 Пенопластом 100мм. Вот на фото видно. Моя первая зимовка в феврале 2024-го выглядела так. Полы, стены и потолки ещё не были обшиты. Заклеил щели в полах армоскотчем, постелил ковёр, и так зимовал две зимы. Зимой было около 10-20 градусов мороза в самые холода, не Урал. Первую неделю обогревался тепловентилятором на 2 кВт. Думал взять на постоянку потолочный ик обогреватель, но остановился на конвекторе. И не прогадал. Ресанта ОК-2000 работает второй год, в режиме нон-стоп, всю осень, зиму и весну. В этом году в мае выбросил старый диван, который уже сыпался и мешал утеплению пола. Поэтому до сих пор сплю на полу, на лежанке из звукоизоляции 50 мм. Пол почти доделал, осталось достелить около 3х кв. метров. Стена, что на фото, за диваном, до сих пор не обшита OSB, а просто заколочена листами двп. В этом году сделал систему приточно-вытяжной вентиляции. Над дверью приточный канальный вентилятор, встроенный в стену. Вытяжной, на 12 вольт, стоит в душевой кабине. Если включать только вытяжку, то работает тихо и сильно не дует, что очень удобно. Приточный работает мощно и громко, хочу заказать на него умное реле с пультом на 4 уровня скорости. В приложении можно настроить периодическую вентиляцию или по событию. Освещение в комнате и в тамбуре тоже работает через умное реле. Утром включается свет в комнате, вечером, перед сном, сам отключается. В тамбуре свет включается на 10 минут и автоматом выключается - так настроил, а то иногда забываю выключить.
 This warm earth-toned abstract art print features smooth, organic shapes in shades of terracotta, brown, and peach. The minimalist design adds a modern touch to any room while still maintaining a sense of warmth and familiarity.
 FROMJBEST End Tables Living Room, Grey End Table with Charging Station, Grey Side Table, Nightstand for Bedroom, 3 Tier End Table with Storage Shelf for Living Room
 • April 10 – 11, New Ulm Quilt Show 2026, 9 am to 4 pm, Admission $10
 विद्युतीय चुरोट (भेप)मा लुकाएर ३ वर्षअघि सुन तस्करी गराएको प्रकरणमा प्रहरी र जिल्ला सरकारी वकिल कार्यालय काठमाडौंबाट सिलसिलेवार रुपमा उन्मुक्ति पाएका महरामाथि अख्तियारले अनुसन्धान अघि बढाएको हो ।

● **Work order**:
Your output should be an exact copy of the lines from the top of the listing above to the line with "This warm earth-toned", both ends included.

● **Result for this exercise**:
 Пенопластом 100мм. Вот на фото видно. Моя первая зимовка в феврале 2024-го выглядела так. Полы, стены и потолки ещё не были обшиты. Заклеил щели в полах армоскотчем, постелил ковёр, и так зимовал две зимы. Зимой было около 10-20 градусов мороза в самые холода, не Урал. Первую неделю обогревался тепловентилятором на 2 кВт. Думал взять на постоянку потолочный ик обогреватель, но остановился на конвекторе. И не прогадал. Ресанта ОК-2000 работает второй год, в режиме нон-стоп, всю осень, зиму и весну. В этом году в мае выбросил старый диван, который уже сыпался и мешал утеплению пола. Поэтому до сих пор сплю на полу, на лежанке из звукоизоляции 50 мм. Пол почти доделал, осталось достелить около 3х кв. метров. Стена, что на фото, за диваном, до сих пор не обшита OSB, а просто заколочена листами двп. В этом году сделал систему приточно-вытяжной вентиляции. Над дверью приточный канальный вентилятор, встроенный в стену. Вытяжной, на 12 вольт, стоит в душевой кабине. Если включать только вытяжку, то работает тихо и сильно не дует, что очень удобно. Приточный работает мощно и громко, хочу заказать на него умное реле с пультом на 4 уровня скорости. В приложении можно настроить периодическую вентиляцию или по событию. Освещение в комнате и в тамбуре тоже работает через умное реле. Утром включается свет в комнате, вечером, перед сном, сам отключается. В тамбуре свет включается на 10 минут и автоматом выключается - так настроил, а то иногда забываю выключить.
 This warm earth-toned abstract art print features smooth, organic shapes in shades of terracotta, brown, and peach. The minimalist design adds a modern touch to any room while still maintaining a sense of warmth and familiarity.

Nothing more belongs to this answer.